题目链接:HDU2586
【题意】给定一颗有权树,求任意两点之间的最短路。
【分析】是LCA的基本应用,树上任意两点(u,v)的最短路 = dis[u]+dis[v]-2*dis[LCA(u,v)];dis[i]为根到i的距离,我写了两个版本,离线和用线段树的在线(因为这里查询很少,用线段树比ST快,因为线段树初始化为O(n)的,ST是O(nlogn)的)
【AC CODE(离线)】46ms
#include <cstdio>
#include <cstring>
#include <cctype>
#include <cmath>
#include <map>
//#include <unordered_map>
#include <queue>
#include <stack>
#include <vector>
#include <string>
#include <algorithm>
using namespace std;
typedef long long LL;
#define rep(i,a,n) for(int i = a; i < n; i++)
#define repe(i,a,n) for(int i = a; i <= n; i++)
#define per(i,n,a) for(int i = n; i >= a; i--)
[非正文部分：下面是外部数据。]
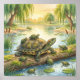 Póster Tortuga Mamá y Crías en Vivero de Estanque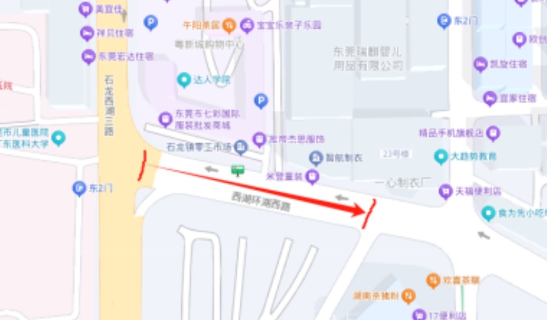 莞龙路西湖加油站至莞龙路西湖一路路口(双向)

#define clc(a,b) memset(a,b,sizeof(a))
const int INF = 0x3f3f3f3f, MAXN = 40000+10, MAXM = 40000*2+10;
int head[MAXN], tol, to[MAXM], nxt[MAXM], cost[MAXM];
struct Q{
int v, id;
};
vector<Q> q[MAXN];
void add_edge(int u, int v, int c)
{
nxt[tol] = head[u], to[tol] = v, cost[tol] = c;
head[u] = tol++;
}
int f[MAXN];
int find(int x){return f[x] == x?x:f[x] = find(f[x]);}
void bing(int a, int b)
{
int x = find(a), y = find(b);
if(x != y) f[y] = x;
}
bool vis[MAXN];
int ans[200+10], dis[MAXN];
void lca(int u)
{
vis[u] = true;
for(int i = head[u]; ~i; i = nxt[i])
{
int v = to[i];
if(vis[v]) continue;
dis[v] = dis[u]+cost[i];
lca(v);
bing(u,v);
}
int sz = q[u].size();
rep(i,0,sz)
{
int v = q[u][i].v;
if(vis[v])
{
int fa = find(v);
ans[q[u][i].id] = dis[u]+dis[v]-2*dis[fa];
}
}
}
int main()
{
#ifdef SHY
freopen("d:\\1.txt", "r", stdin);
#endif
int t;
scanf("%d%*c", &t);
while(t--)
{
int n,m;
scanf("%d %d%*c", &n, &m);
clc(head,-1);
tol = 0;
rep(i,1,n)
{
int u,v,c;
scanf("%d %d %d%*c", &u, &v, &c);
add_edge(u,v,c);
add_edge(v,u,c);
}
repe(i,1,n) q[i].clear(), f[i] = i;
rep(i,0,m)
{
int u,v;
scanf("%d %d%*c", &u, &v);
q[u].push_back(Q{v,i});
q[v].push_back(Q{u,i});
}
clc(vis,0);
dis[1] = 0;
lca(1);
rep(i,0,m) printf("%d\n", ans[i]);
}
return 0;
}
【AC CODE(在线)】31ms
#include <cstdio>
#include <cstring>
#include <cctype>
#include <cmath>
#include <map>
//#include <unordered_map>
#include <queue>
#include <stack>
#include <vector>
#include <string>
#include <algorithm>
using namespace std;
typedef long long LL;
#define rep(i,a,n) for(int i = a; i < n; i++)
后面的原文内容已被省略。